Since record-keeping began 50 years ago, Norway has seen a steady decline in child stillbirth death rates. Last year, Norway suffered 180 stillborn child-deaths; the lowest stillborn death-rate ever recorded.
Never before have there been so few young souls lost within a year’s time. In 1967, 14 potential births were declared stillborn per 1000 live births. Last year, Norway saw only three stillborn-deaths per every thousand children delivered.
National Institute of Public Heath (Folkehelseinstituttet) Birth Registry senior physician Dr. Kristine Marie Stangenes commented upon the historical lows of reported stillborn deaths in Norway, saying; “Although the incidence of birth defects in Norway is much lower, having a stillborn child is obviously a huge tragedy for those afflicted families.”
Doctor Stangenes adds that prenatal monitoring and regular health check-ups during the nine months of pregnancy are critical in the early detection of risks & abnormalities possible during pregnancy.

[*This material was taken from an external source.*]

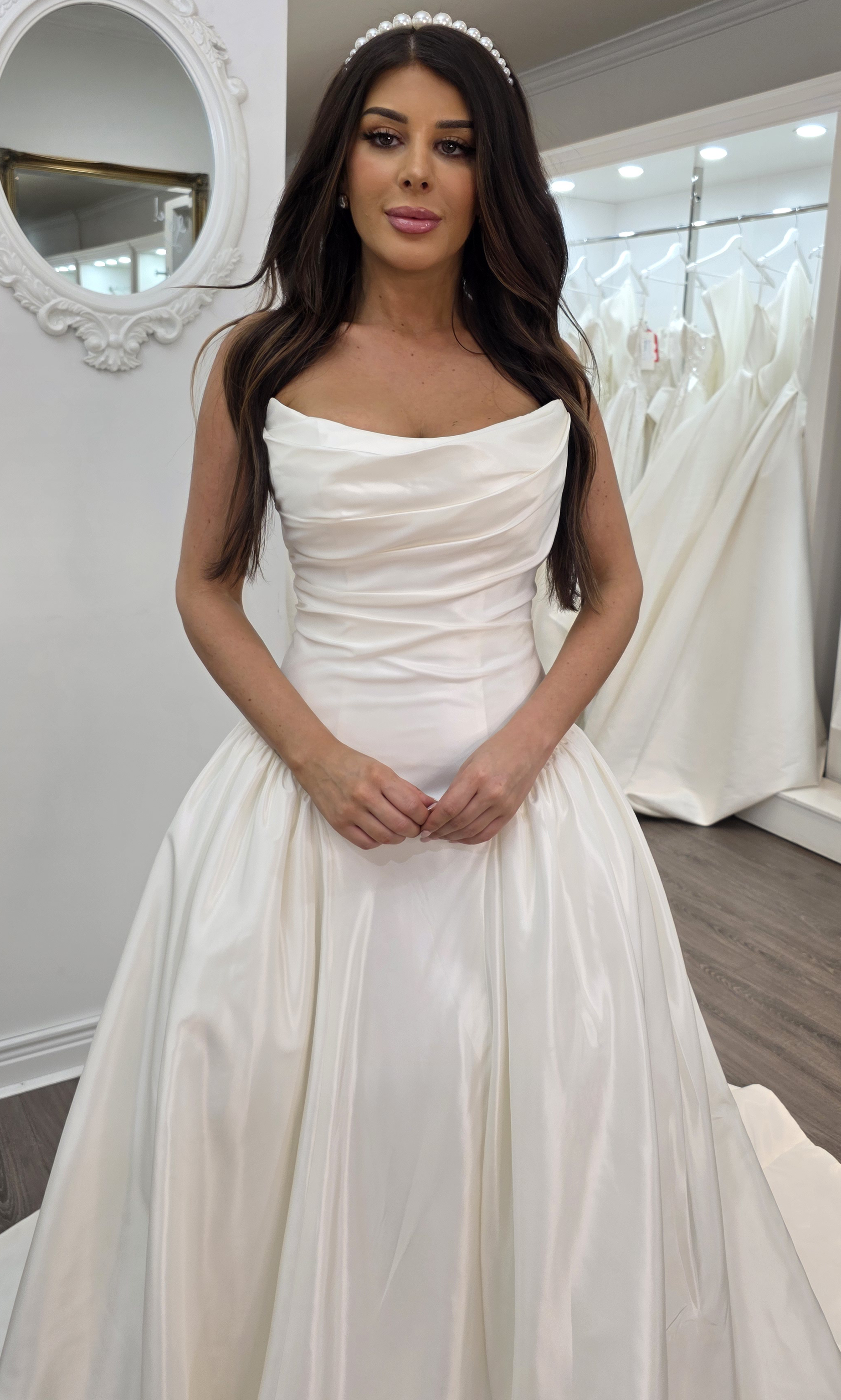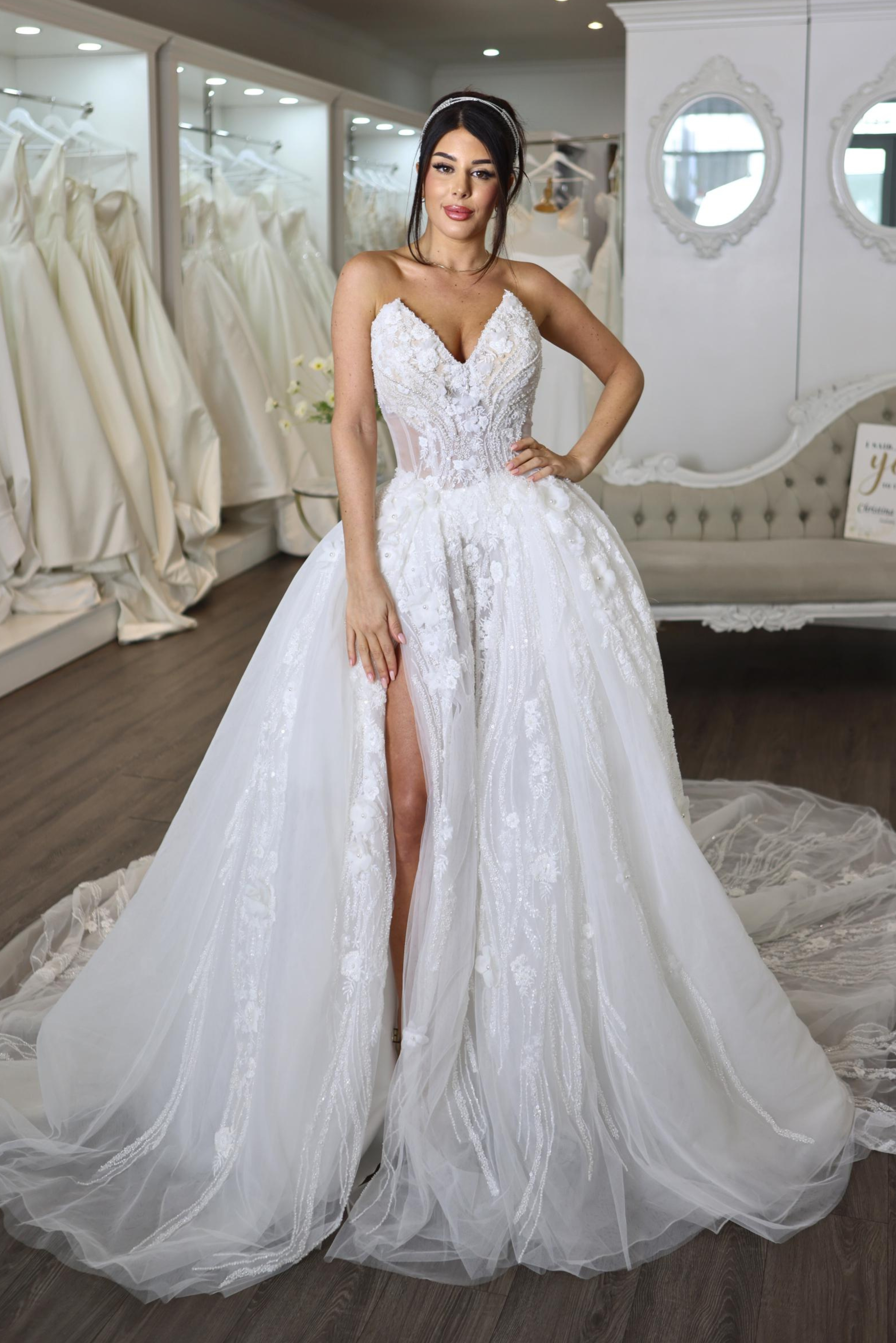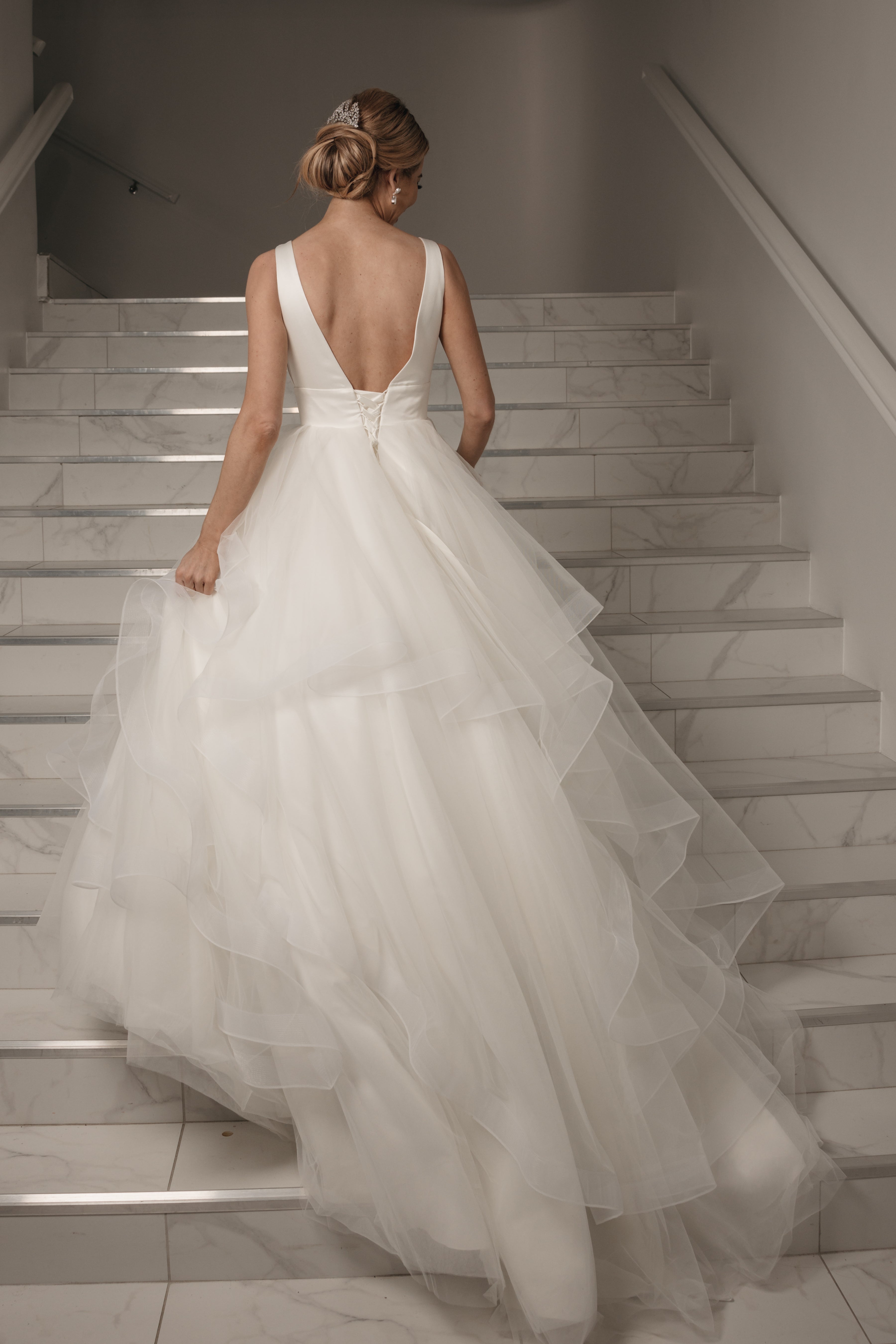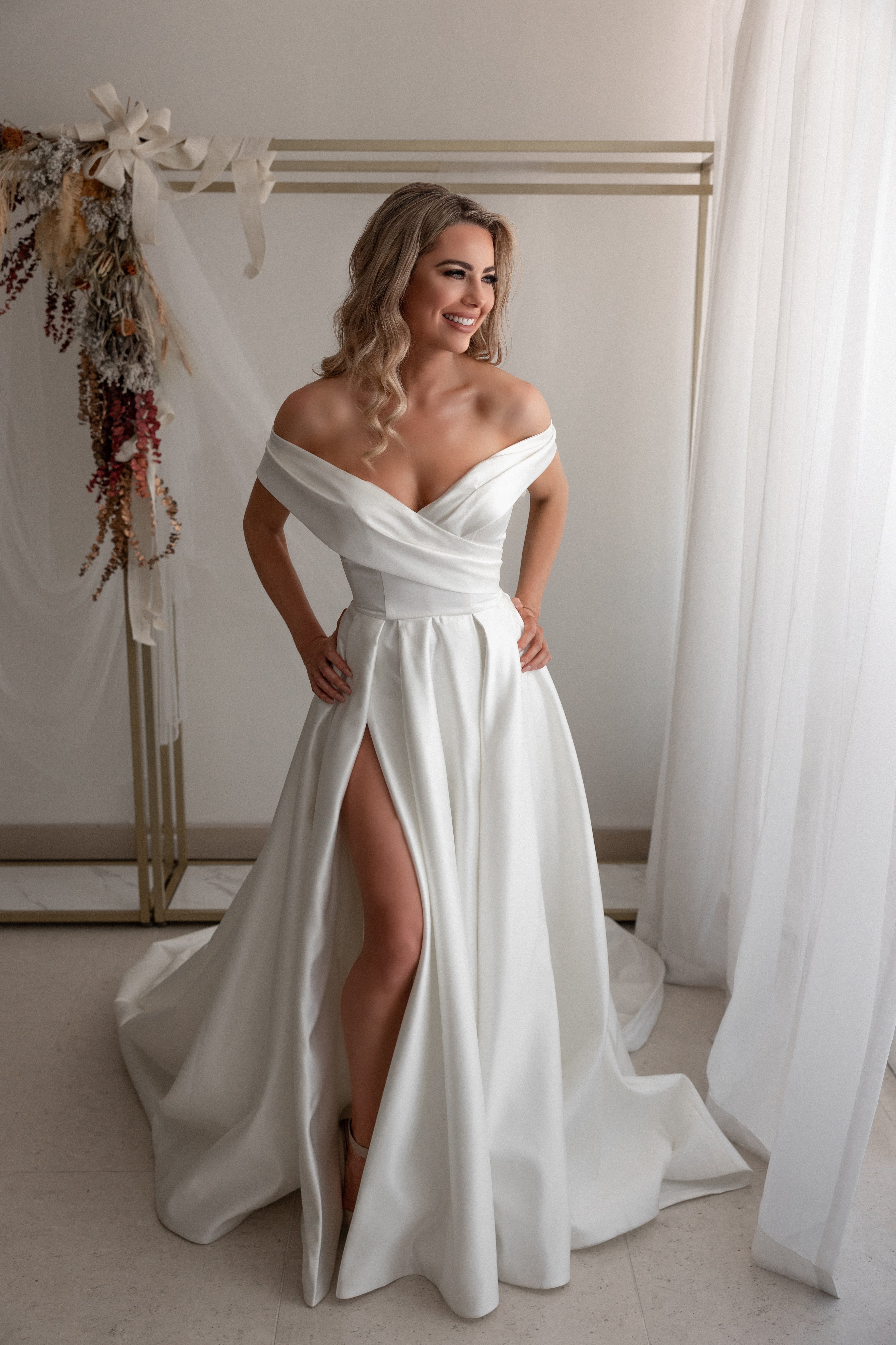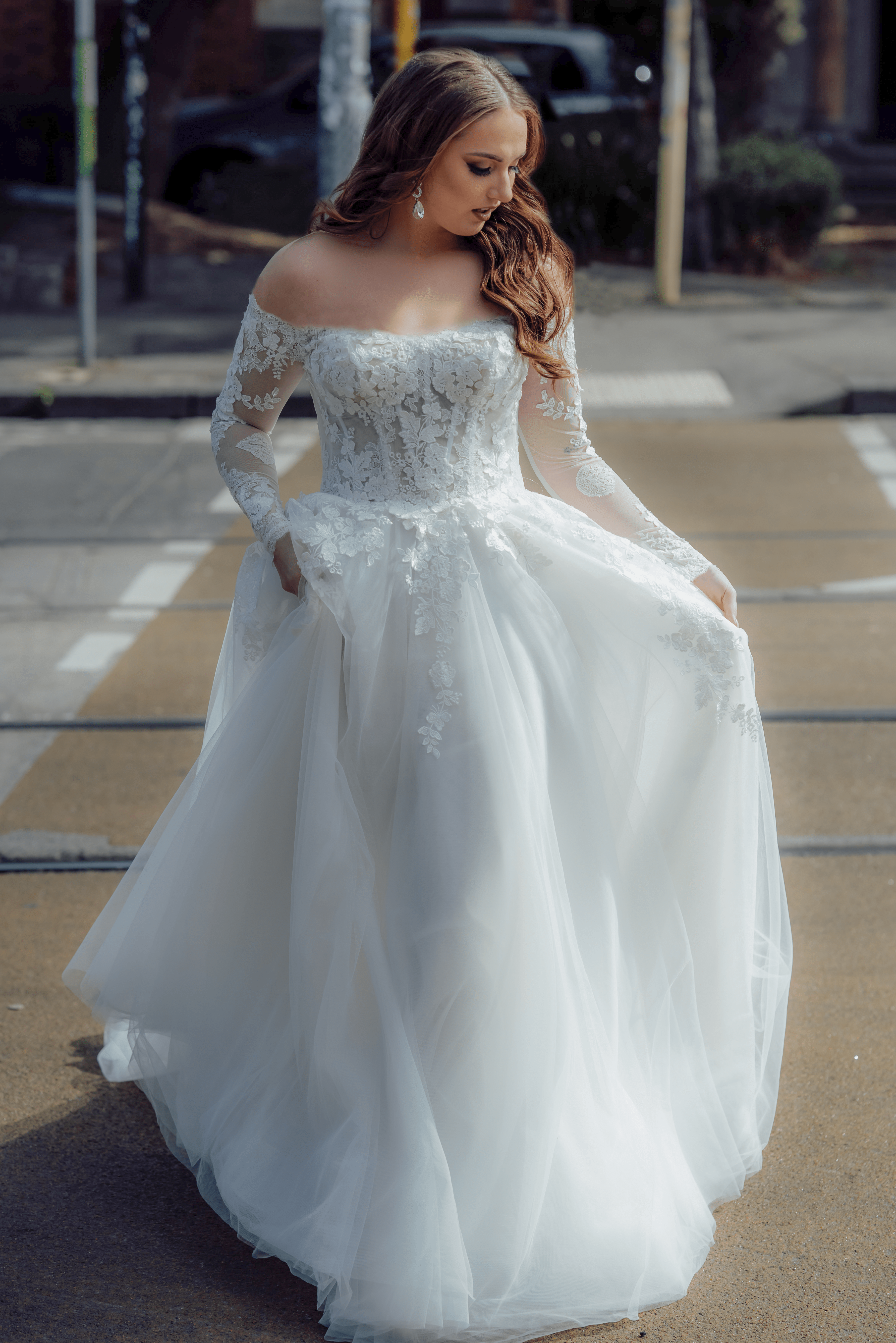 Christina Rossiβs collection of A-line gowns includes timeless, elegant, modern & chic gowns to dresses that are perfect for any wedding theme. The A-line cut flatters a variety of body types, providing a perfect blend of comfort and sophistication. Whether you envision a minimalistic design with clean lines or a more elaborate gown with intricate lace and embellishments, our collection offers something for every bride.

These proactive health measures, along with proper nutrition, abstinence from drugs, tobacco & alcohol, and better home safety all contribute to help reduce stillborn rates.
Norway’s birth rate has also decreased steadily for seven year in a row. A birth rate of 2.1 children per woman are needed to keep population numbers steady, but Norway’s birth rate is now down to an average of 1.71 children per woman of child-bearing age.
The Medical Birth Registry defines Stillborn or Stillbirth as children who may have died before birthing commenced or who’ve died during the birthing process.
Nordic countries are considered the world’s “Gold Standard” of neonatal survival rates.